WHAT THE TASK REQUIRES |
All that is wanted is the line with "Take a step" and each line after it to the end of the data below, set down exactly and without pictures.

RECORD SET |
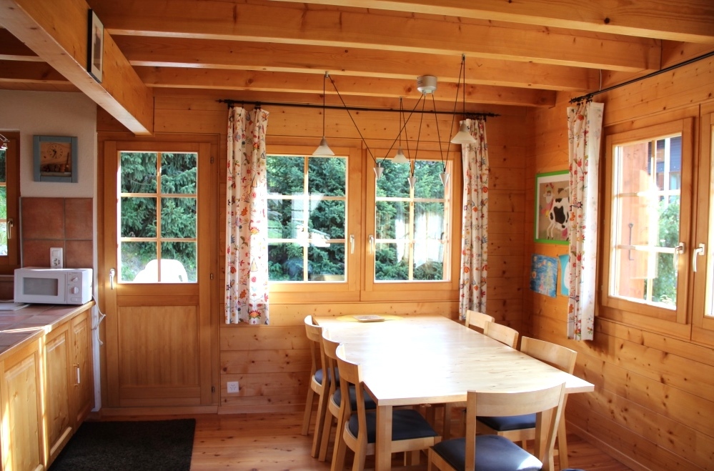 Charmantes Chalet für 8 Personen mit großer Terrasse und Balkon mit Gartenmöbeln.Innenraum : ca. 100 m2, Vorraum, Wohnzimmer mit Kaminofen, Essbereich -Schlafzimmer : 1 Schlafzimmer mit 1 Doppelbett, 1 Schlafzimmer mit 2 Einzelbetten, 1 Schlafzimmer mit 2 Etagenbetten -Sanitär : 1 Badezimmer mit Badewanne und Dusche und WC, separates WC im Erdgeschoss -Küche : offen, Cerankochfeld mit Backofen, Mikrowelle, Geschirrspüler, Kühlschrank, Kaffeemaschine -Sonstiges : Elektroheizung, Kabel-TV, Haustiere nicht erlaubt, Nichtraucher, 1 Garage mit Parkplatz davor, privater und direkter Zugang zur Standseilbahn über eine Treppe vom Chalet aus -
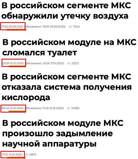 Небольшая утечка воздуха на МКС произошла в сентябре 2019 года. В августе-сентябре 2020 года экипаж дважды закрывал люки в модулях станции, чтобы проверить их герметичность.
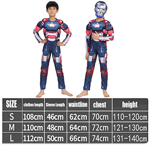 Ragazzi Iron Patriot Muscle Tuta Bambini Halloween Costume Cosplay Vestito Masquerade Giochi di ruolo Tuta Fan di film Onesies Outfit (Color: A-Iron, Size: Kids/L)
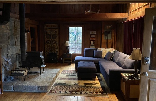 Take a step back in time at this unique and tranquil getaway. Originally built in the late 1800's and nestled in the beautiful mountains of western North Carolina. The Vicar House offers 1bedroom with a trundle day bed, an upstairs loft bedroom with a king size bed, updated bathroom, and full kitchen accommodations. Enjoy your time lounging on the back deck, roasting marshmallows in your firepit, rocking on the front porch, or dipping your toes in our refreshing Watauga River frontage! You are sure to relax in the quite country atmosphere!
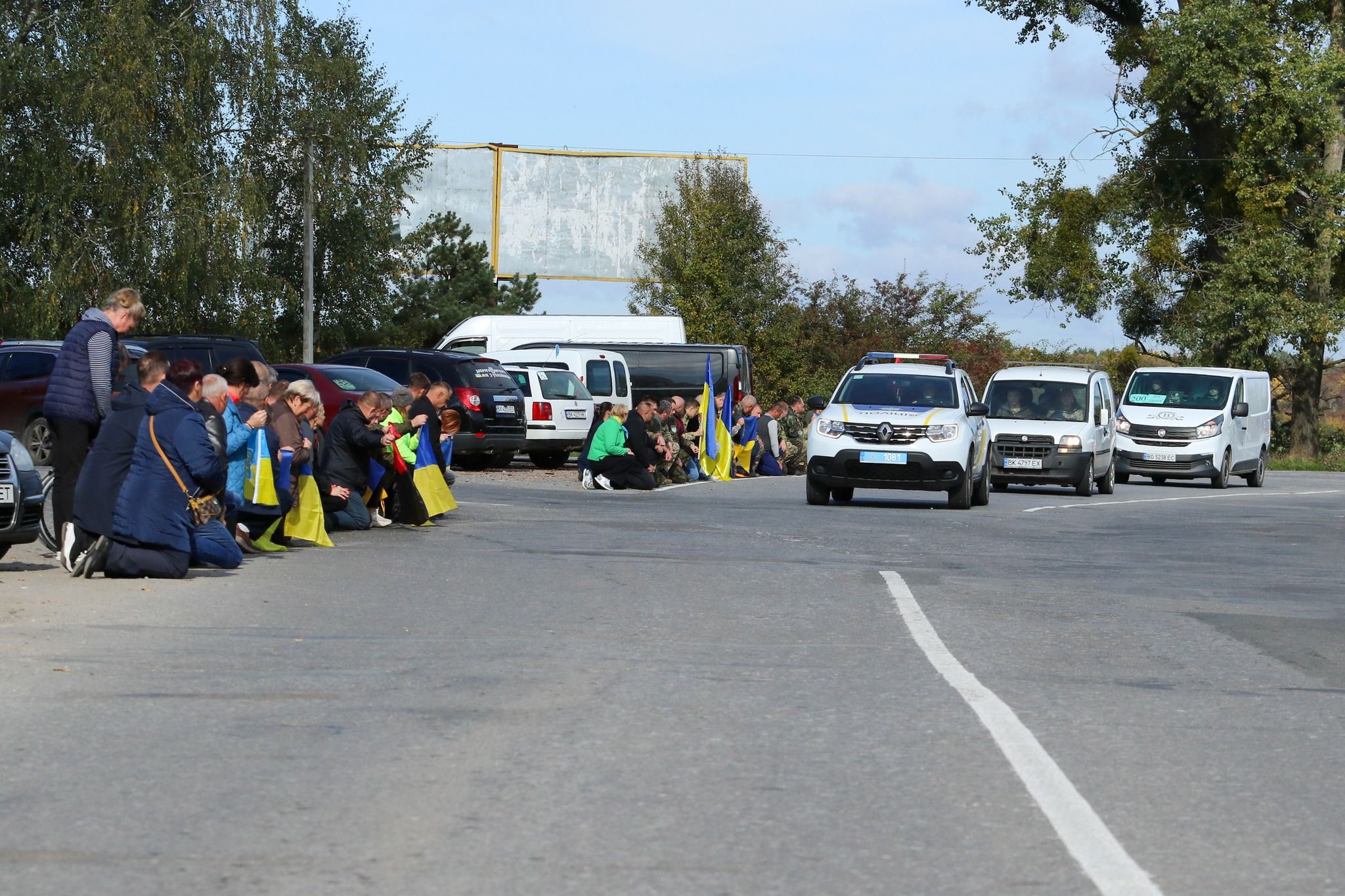А Нетішин 10 жовтня зустрів свого Героя Артема Белінського. Навколішки, з тугою в серці, зі слізьми, квітами й синьо-жовтими прапорами.

RESULT BELOW |
 Take a step back in time at this unique and tranquil getaway. Originally built in the late 1800's and nestled in the beautiful mountains of western North Carolina. The Vicar House offers 1bedroom with a trundle day bed, an upstairs loft bedroom with a king size bed, updated bathroom, and full kitchen accommodations. Enjoy your time lounging on the back deck, roasting marshmallows in your firepit, rocking on the front porch, or dipping your toes in our refreshing Watauga River frontage! You are sure to relax in the quite country atmosphere!
А Нетішин 10 жовтня зустрів свого Героя Артема Белінського. Навколішки, з тугою в серці, зі слізьми, квітами й синьо-жовтими прапорами.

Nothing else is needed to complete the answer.